Besides, I like and respect – a great deal – the head of NEC Christiana Thorpe. I think she is very tenacious, largely honest and fairly impartial. But she sometimes tends to act without being consultative and can be dogged even where being otherwise does not take anything from her or from the success of her entreprise.
When I was students’ union president at Fourah Bay College in 1995, college fees were raised to the rooftops. I do not want to mention it now because it may sound like pittance even if it was a fortune then. After several attempts to persuade government to see the need to reverse the fees to the previous year’s, I lost patience with Christiana Thorpe who was then minister of education – not because the fees were not reduced – and decided to take the student population of around 1,000 to her office.
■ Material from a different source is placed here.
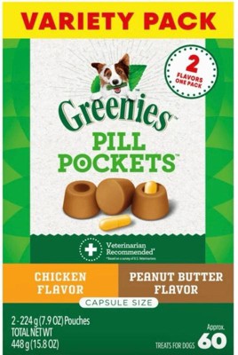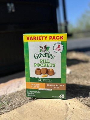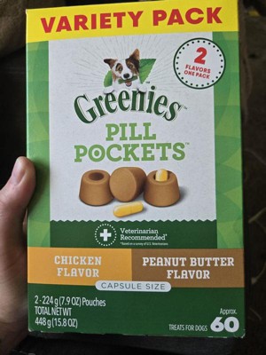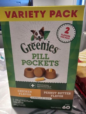 Greenies Pill Pockets Capsule Size Chicken and Peanut Butter Flavor Variety Pack Adult Chewy Dog Treat - 15.8oz

My executive wanted her to come down from her office to address the student body so they would not think we had sold them out. Ms Thorpe refused to budge. After laying siege around her office for hours - keeping vigil there actually - then came Tom Nyuma who was a war hero and highly respected by the students at the time. But he lacked formality. So the services of the cool and calm Dr Akim Gibril who was then Chief Secretary of State showed up. Only his intervention could persuade Thorpe to come down and address us. That, to be honest, was unnecessary and for which she took a flack.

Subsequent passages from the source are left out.